++++ Dataset records

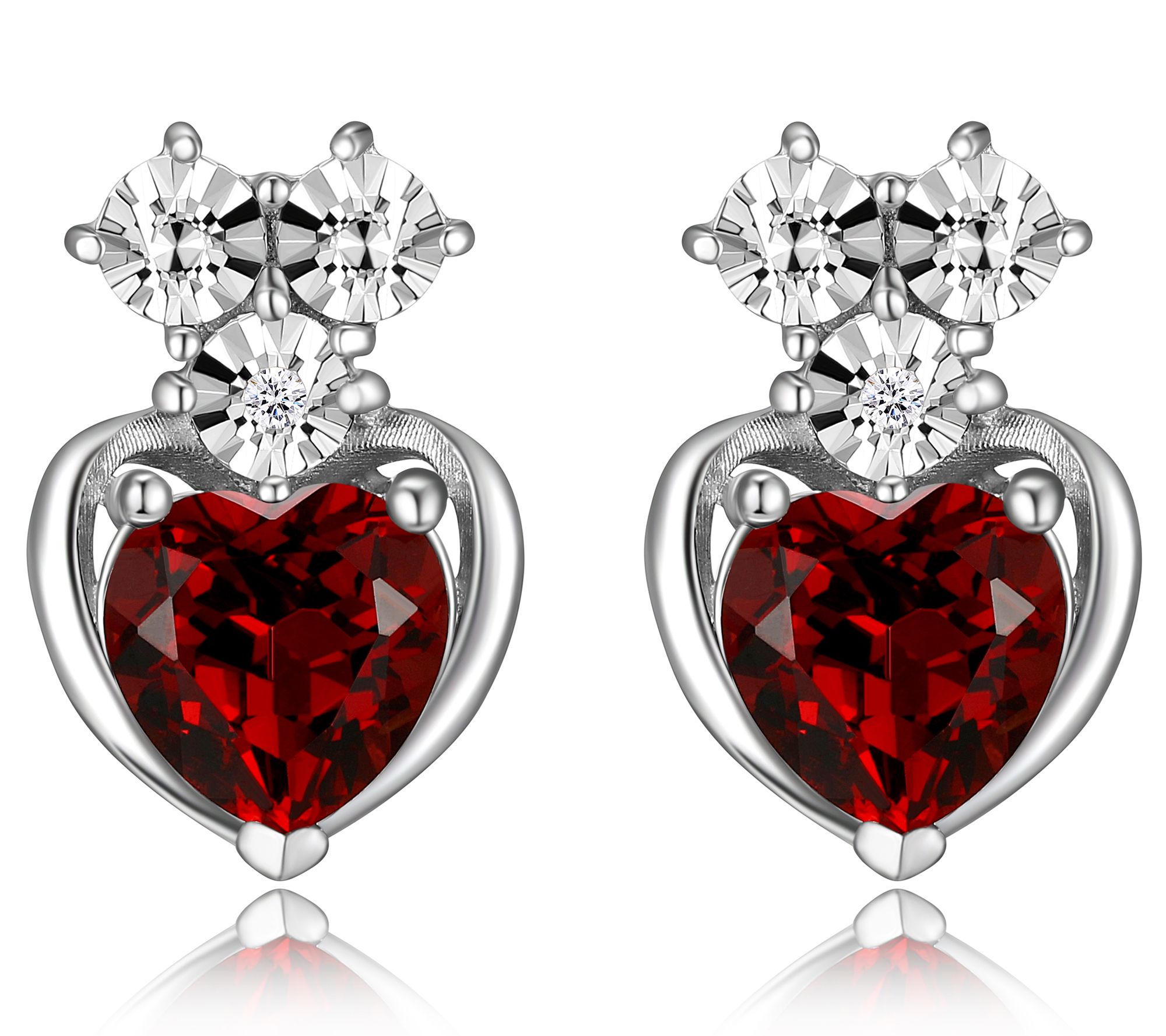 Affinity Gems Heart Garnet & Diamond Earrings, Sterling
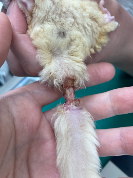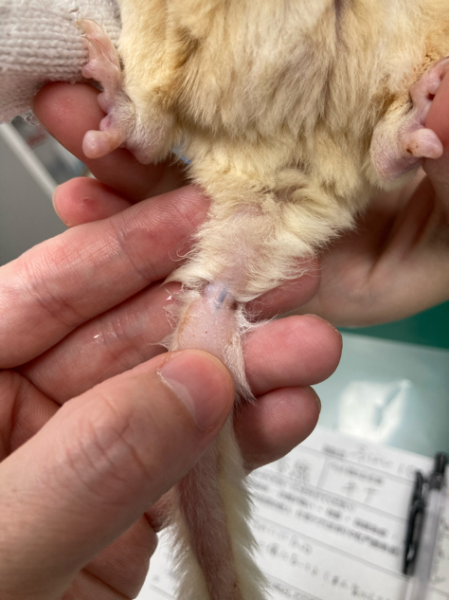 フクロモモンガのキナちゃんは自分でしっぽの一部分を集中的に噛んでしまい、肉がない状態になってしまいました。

++++++++
++++ Dataset records

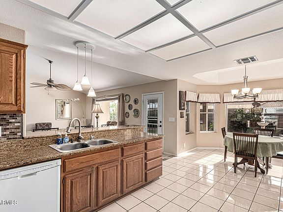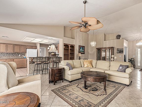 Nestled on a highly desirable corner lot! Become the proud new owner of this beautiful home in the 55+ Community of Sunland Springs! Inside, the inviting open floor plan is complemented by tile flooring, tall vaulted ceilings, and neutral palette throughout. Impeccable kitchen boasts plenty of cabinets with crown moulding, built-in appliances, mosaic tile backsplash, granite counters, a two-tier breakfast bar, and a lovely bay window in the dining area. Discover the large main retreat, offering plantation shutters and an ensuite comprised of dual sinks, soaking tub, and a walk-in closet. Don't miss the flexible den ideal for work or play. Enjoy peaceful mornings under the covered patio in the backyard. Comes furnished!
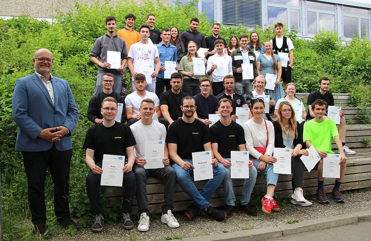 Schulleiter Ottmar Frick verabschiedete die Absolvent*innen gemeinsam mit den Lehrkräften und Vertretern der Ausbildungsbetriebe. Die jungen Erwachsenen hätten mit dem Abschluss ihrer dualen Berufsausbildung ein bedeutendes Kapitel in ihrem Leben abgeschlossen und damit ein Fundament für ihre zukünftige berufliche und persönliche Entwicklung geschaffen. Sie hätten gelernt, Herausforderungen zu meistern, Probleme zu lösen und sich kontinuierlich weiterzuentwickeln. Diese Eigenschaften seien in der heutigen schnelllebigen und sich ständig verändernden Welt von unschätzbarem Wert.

++++++++

Description of the task:
Working from the records above, set down word for word everything from the line containing "Nestled on a" down to the line containing "Schulleiter Ottmar Frick", ends included, minus the pictures.

Output for this task:
 Nestled on a highly desirable corner lot! Become the proud new owner of this beautiful home in the 55+ Community of Sunland Springs! Inside, the inviting open floor plan is complemented by tile flooring, tall vaulted ceilings, and neutral palette throughout. Impeccable kitchen boasts plenty of cabinets with crown moulding, built-in appliances, mosaic tile backsplash, granite counters, a two-tier breakfast bar, and a lovely bay window in the dining area. Discover the large main retreat, offering plantation shutters and an ensuite comprised of dual sinks, soaking tub, and a walk-in closet. Don't miss the flexible den ideal for work or play. Enjoy peaceful mornings under the covered patio in the backyard. Comes furnished!
 Schulleiter Ottmar Frick verabschiedete die Absolvent*innen gemeinsam mit den Lehrkräften und Vertretern der Ausbildungsbetriebe. Die jungen Erwachsenen hätten mit dem Abschluss ihrer dualen Berufsausbildung ein bedeutendes Kapitel in ihrem Leben abgeschlossen und damit ein Fundament für ihre zukünftige berufliche und persönliche Entwicklung geschaffen. Sie hätten gelernt, Herausforderungen zu meistern, Probleme zu lösen und sich kontinuierlich weiterzuentwickeln. Diese Eigenschaften seien in der heutigen schnelllebigen und sich ständig verändernden Welt von unschätzbarem Wert.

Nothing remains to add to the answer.